Secondly, industry relies on technicalities to argue against disclosing the chemicals in their fracturing and drilling fluids. In Silt, Colorado, where a landowner discovered changes in her water well within days of a fracturing operation near her home and she later discovered 2-BE, a very toxic chemical, in her water. The oil and gas industry argued to the state Oil & Gas Commission that it was not the high pressure fracturing that released chemicals into the aquifer but it was faulty casing that was the problem. To say that fracturing was not to blame for this incident and thus fracking chemicals are not a public concern is splitting hairs. We know in Montana that everything within a system — whether it is our agricultural field or a gas well — is related. Whether it is the practice of fracturing or faulty casing, a known chemical used in drilling products made its way into this landowners' water. Period. And, Montanans deserve to know the types of chemical types and volumes that industry is using not just in fracturing but in all drilling processes.
Incidents like this are why the State of Colorado passed and required disclosure of all drilling fluids, not just fracturing fluids. The bill that is in front of the Committee is a very reasonable first step. We need disclosure not only of fracturing fluids but all the chemical constituents used in the drilling, fracturing and workover operations of oil and gas wells.
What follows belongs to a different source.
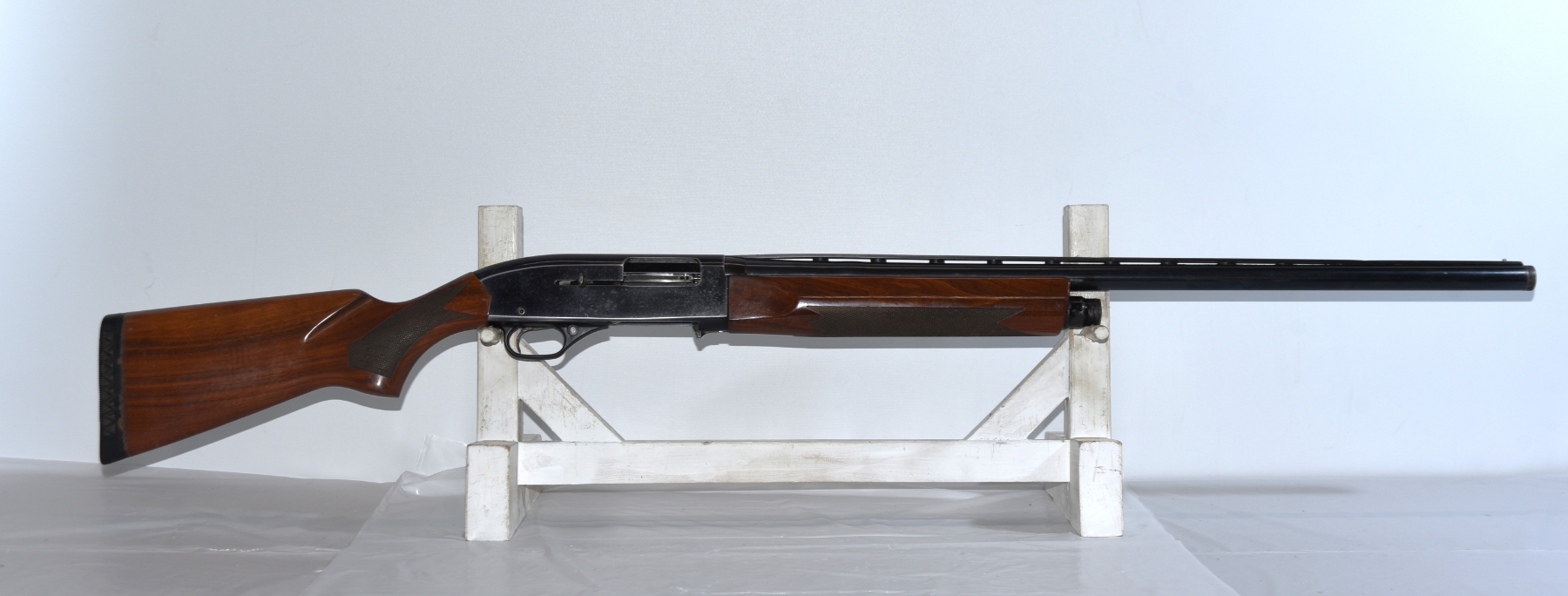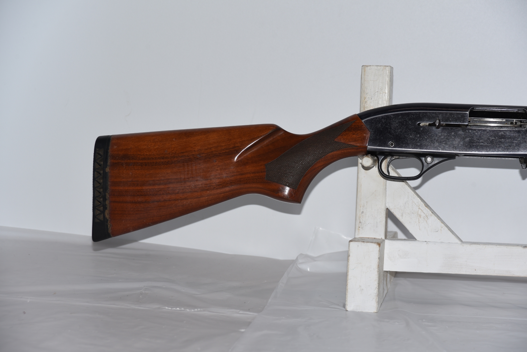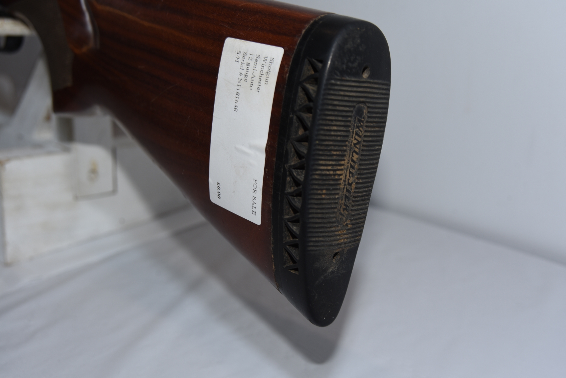 Wood stock shows scratches, scuffs, finish wear areas; condition is good.

Devon has said that 99% of fracturing fluids are water. While that may be true, it is again a technicality. One percent of these high volume hydraulic fracturing operations still include toxic chemicals. Several years ago, EARTHWORKS did a calculation of what this means in a typical fracturing operation in a deep shale formation. Less than one percent of chemicals means approximately 80,000 pounds of chemicals are transported onto the site and injected beneath the surface to complete the fracturing operations. I have fact sheets here for the committee to reference this example.
Finally, I want to emphasize the necessity of state level disclosure laws. While some initial steps have been taken towards requiring disclosure of fracturing fluids on the federal level, Montanans currently only have voluntary, industry data that is not enough to fully inform citizens.
The Department of the Interior has announced that they plan to undertake a disclosure requirement for oil and gas companies operating on federal leases, but the specifics of how this disclosure provision would be set up are unclear. It is also unclear how the information will be shared, or when during the process it will be made public.
On the federal legislative level, various disclosure provisions have been discussed over the past year, and the Fracturing Responsibility and Awareness of Chemicals Act, or FRAC Act, includes a public disclosure provision. Passage of the FRAC Act may be far off so states like Wyoming and Colorado are taking matters into their own hands by passing disclosure requirements. I urge Montana to do the same on behalf of protecting the public health, property and environment of our citizens.
Thank you for the opportunity to testify today in full support of Senate Bill 86. I stand for questions.